*** Block opens ***
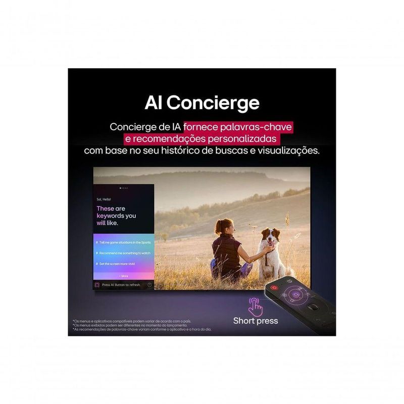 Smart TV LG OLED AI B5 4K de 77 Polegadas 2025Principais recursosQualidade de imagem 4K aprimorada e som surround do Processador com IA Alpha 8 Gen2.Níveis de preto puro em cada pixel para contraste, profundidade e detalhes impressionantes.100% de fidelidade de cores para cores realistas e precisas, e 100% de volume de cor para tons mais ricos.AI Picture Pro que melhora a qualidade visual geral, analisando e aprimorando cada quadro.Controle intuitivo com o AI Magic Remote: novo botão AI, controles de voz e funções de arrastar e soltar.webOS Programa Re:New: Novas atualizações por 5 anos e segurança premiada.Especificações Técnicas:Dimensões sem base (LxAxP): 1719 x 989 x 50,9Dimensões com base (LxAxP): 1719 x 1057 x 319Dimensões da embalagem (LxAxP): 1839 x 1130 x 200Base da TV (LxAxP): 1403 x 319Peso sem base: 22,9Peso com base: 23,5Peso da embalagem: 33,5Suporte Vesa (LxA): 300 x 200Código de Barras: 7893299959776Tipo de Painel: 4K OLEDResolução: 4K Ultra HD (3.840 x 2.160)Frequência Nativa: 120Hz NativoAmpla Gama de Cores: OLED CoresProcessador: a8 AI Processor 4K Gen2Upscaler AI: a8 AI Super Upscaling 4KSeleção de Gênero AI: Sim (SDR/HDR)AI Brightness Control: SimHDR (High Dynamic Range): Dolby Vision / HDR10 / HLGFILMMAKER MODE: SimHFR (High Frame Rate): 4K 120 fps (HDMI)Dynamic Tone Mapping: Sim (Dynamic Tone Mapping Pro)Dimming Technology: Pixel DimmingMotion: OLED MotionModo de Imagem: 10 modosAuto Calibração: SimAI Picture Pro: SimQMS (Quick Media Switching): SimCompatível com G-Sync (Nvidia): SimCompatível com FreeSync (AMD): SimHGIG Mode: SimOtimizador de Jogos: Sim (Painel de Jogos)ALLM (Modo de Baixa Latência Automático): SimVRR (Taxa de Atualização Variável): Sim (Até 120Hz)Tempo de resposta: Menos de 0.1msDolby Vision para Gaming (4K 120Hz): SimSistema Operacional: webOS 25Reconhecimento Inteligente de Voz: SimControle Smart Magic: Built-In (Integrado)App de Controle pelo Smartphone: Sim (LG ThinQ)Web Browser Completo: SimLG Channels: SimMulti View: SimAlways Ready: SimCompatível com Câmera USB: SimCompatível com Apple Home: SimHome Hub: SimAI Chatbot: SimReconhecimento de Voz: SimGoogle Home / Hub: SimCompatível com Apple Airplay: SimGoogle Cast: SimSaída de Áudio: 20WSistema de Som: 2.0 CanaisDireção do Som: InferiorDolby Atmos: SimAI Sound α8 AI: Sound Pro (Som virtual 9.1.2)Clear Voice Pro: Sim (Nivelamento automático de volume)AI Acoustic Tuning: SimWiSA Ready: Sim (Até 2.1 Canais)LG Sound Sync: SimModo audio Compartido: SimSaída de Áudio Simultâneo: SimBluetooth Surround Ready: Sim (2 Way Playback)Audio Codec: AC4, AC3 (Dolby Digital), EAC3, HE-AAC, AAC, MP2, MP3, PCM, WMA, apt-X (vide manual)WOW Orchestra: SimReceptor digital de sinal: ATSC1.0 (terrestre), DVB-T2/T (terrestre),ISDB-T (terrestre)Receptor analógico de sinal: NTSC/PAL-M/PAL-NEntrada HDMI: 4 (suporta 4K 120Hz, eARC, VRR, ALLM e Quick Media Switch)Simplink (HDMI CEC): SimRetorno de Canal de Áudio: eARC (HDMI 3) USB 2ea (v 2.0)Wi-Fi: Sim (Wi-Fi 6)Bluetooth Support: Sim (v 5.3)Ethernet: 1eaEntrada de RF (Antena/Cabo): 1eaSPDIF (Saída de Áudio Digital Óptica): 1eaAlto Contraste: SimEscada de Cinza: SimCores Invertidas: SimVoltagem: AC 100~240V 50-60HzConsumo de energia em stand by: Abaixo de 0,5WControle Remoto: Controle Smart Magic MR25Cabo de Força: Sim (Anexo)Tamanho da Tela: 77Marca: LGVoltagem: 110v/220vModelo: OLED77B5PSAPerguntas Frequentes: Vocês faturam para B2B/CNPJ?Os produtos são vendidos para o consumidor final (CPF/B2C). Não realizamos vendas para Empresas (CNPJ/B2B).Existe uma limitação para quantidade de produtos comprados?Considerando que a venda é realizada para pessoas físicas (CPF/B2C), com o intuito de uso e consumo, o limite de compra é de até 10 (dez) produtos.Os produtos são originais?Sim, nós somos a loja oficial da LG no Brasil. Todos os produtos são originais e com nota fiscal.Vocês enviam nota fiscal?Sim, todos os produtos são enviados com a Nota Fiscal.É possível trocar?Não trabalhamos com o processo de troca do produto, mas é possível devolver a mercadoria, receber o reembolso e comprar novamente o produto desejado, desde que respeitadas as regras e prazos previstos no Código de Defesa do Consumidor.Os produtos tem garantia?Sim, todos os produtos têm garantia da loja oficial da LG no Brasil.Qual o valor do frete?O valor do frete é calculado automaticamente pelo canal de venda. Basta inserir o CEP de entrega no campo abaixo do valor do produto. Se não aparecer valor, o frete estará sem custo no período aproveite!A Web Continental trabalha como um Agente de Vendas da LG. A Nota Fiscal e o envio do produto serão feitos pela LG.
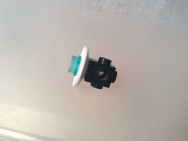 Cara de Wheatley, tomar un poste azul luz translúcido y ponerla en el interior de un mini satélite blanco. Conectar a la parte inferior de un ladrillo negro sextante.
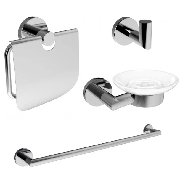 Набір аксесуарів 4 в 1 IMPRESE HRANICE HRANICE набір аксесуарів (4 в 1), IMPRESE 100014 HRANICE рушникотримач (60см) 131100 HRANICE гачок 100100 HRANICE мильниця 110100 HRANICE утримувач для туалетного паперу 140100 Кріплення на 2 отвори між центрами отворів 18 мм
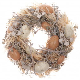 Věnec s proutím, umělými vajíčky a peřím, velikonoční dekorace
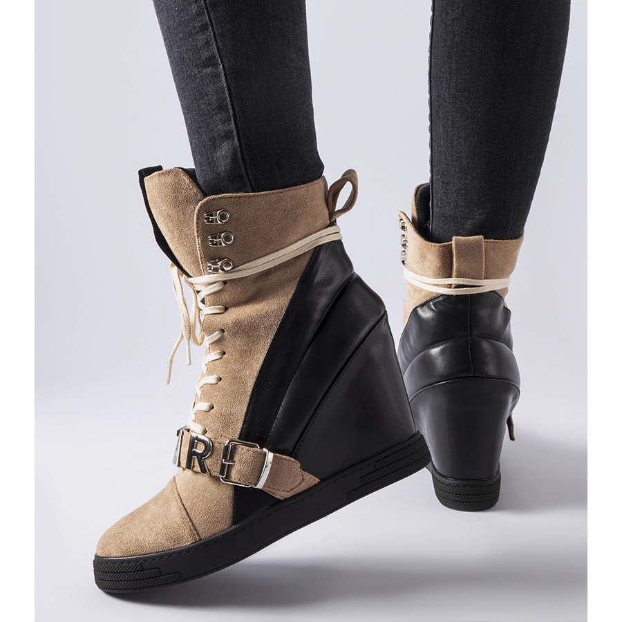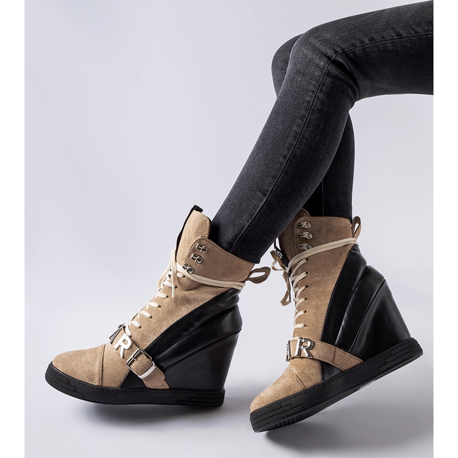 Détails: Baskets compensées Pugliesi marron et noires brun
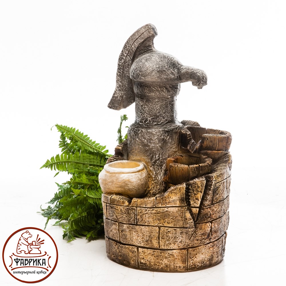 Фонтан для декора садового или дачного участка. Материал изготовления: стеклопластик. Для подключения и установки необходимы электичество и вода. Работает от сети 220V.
*** Block closes ***
**EXERCISE OBJECTIVE**
Where pictures sit among the data above, omit them, and output the rest exactly.

**EXERCISE SOLUTION**
 Smart TV LG OLED AI B5 4K de 77 Polegadas 2025Principais recursosQualidade de imagem 4K aprimorada e som surround do Processador com IA Alpha 8 Gen2.Níveis de preto puro em cada pixel para contraste, profundidade e detalhes impressionantes.100% de fidelidade de cores para cores realistas e precisas, e 100% de volume de cor para tons mais ricos.AI Picture Pro que melhora a qualidade visual geral, analisando e aprimorando cada quadro.Controle intuitivo com o AI Magic Remote: novo botão AI, controles de voz e funções de arrastar e soltar.webOS Programa Re:New: Novas atualizações por 5 anos e segurança premiada.Especificações Técnicas:Dimensões sem base (LxAxP): 1719 x 989 x 50,9Dimensões com base (LxAxP): 1719 x 1057 x 319Dimensões da embalagem (LxAxP): 1839 x 1130 x 200Base da TV (LxAxP): 1403 x 319Peso sem base: 22,9Peso com base: 23,5Peso da embalagem: 33,5Suporte Vesa (LxA): 300 x 200Código de Barras: 7893299959776Tipo de Painel: 4K OLEDResolução: 4K Ultra HD (3.840 x 2.160)Frequência Nativa: 120Hz NativoAmpla Gama de Cores: OLED CoresProcessador: a8 AI Processor 4K Gen2Upscaler AI: a8 AI Super Upscaling 4KSeleção de Gênero AI: Sim (SDR/HDR)AI Brightness Control: SimHDR (High Dynamic Range): Dolby Vision / HDR10 / HLGFILMMAKER MODE: SimHFR (High Frame Rate): 4K 120 fps (HDMI)Dynamic Tone Mapping: Sim (Dynamic Tone Mapping Pro)Dimming Technology: Pixel DimmingMotion: OLED MotionModo de Imagem: 10 modosAuto Calibração: SimAI Picture Pro: SimQMS (Quick Media Switching): SimCompatível com G-Sync (Nvidia): SimCompatível com FreeSync (AMD): SimHGIG Mode: SimOtimizador de Jogos: Sim (Painel de Jogos)ALLM (Modo de Baixa Latência Automático): SimVRR (Taxa de Atualização Variável): Sim (Até 120Hz)Tempo de resposta: Menos de 0.1msDolby Vision para Gaming (4K 120Hz): SimSistema Operacional: webOS 25Reconhecimento Inteligente de Voz: SimControle Smart Magic: Built-In (Integrado)App de Controle pelo Smartphone: Sim (LG ThinQ)Web Browser Completo: SimLG Channels: SimMulti View: SimAlways Ready: SimCompatível com Câmera USB: SimCompatível com Apple Home: SimHome Hub: SimAI Chatbot: SimReconhecimento de Voz: SimGoogle Home / Hub: SimCompatível com Apple Airplay: SimGoogle Cast: SimSaída de Áudio: 20WSistema de Som: 2.0 CanaisDireção do Som: InferiorDolby Atmos: SimAI Sound α8 AI: Sound Pro (Som virtual 9.1.2)Clear Voice Pro: Sim (Nivelamento automático de volume)AI Acoustic Tuning: SimWiSA Ready: Sim (Até 2.1 Canais)LG Sound Sync: SimModo audio Compartido: SimSaída de Áudio Simultâneo: SimBluetooth Surround Ready: Sim (2 Way Playback)Audio Codec: AC4, AC3 (Dolby Digital), EAC3, HE-AAC, AAC, MP2, MP3, PCM, WMA, apt-X (vide manual)WOW Orchestra: SimReceptor digital de sinal: ATSC1.0 (terrestre), DVB-T2/T (terrestre),ISDB-T (terrestre)Receptor analógico de sinal: NTSC/PAL-M/PAL-NEntrada HDMI: 4 (suporta 4K 120Hz, eARC, VRR, ALLM e Quick Media Switch)Simplink (HDMI CEC): SimRetorno de Canal de Áudio: eARC (HDMI 3) USB 2ea (v 2.0)Wi-Fi: Sim (Wi-Fi 6)Bluetooth Support: Sim (v 5.3)Ethernet: 1eaEntrada de RF (Antena/Cabo): 1eaSPDIF (Saída de Áudio Digital Óptica): 1eaAlto Contraste: SimEscada de Cinza: SimCores Invertidas: SimVoltagem: AC 100~240V 50-60HzConsumo de energia em stand by: Abaixo de 0,5WControle Remoto: Controle Smart Magic MR25Cabo de Força: Sim (Anexo)Tamanho da Tela: 77Marca: LGVoltagem: 110v/220vModelo: OLED77B5PSAPerguntas Frequentes: Vocês faturam para B2B/CNPJ?Os produtos são vendidos para o consumidor final (CPF/B2C). Não realizamos vendas para Empresas (CNPJ/B2B).Existe uma limitação para quantidade de produtos comprados?Considerando que a venda é realizada para pessoas físicas (CPF/B2C), com o intuito de uso e consumo, o limite de compra é de até 10 (dez) produtos.Os produtos são originais?Sim, nós somos a loja oficial da LG no Brasil. Todos os produtos são originais e com nota fiscal.Vocês enviam nota fiscal?Sim, todos os produtos são enviados com a Nota Fiscal.É possível trocar?Não trabalhamos com o processo de troca do produto, mas é possível devolver a mercadoria, receber o reembolso e comprar novamente o produto desejado, desde que respeitadas as regras e prazos previstos no Código de Defesa do Consumidor.Os produtos tem garantia?Sim, todos os produtos têm garantia da loja oficial da LG no Brasil.Qual o valor do frete?O valor do frete é calculado automaticamente pelo canal de venda. Basta inserir o CEP de entrega no campo abaixo do valor do produto. Se não aparecer valor, o frete estará sem custo no período aproveite!A Web Continental trabalha como um Agente de Vendas da LG. A Nota Fiscal e o envio do produto serão feitos pela LG.
 Cara de Wheatley, tomar un poste azul luz translúcido y ponerla en el interior de un mini satélite blanco. Conectar a la parte inferior de un ladrillo negro sextante.
 Набір аксесуарів 4 в 1 IMPRESE HRANICE HRANICE набір аксесуарів (4 в 1), IMPRESE 100014 HRANICE рушникотримач (60см) 131100 HRANICE гачок 100100 HRANICE мильниця 110100 HRANICE утримувач для туалетного паперу 140100 Кріплення на 2 отвори між центрами отворів 18 мм
 Věnec s proutím, umělými vajíčky a peřím, velikonoční dekorace
 Détails: Baskets compensées Pugliesi marron et noires brun
 Фонтан для декора садового или дачного участка. Материал изготовления: стеклопластик. Для подключения и установки необходимы электичество и вода. Работает от сети 220V.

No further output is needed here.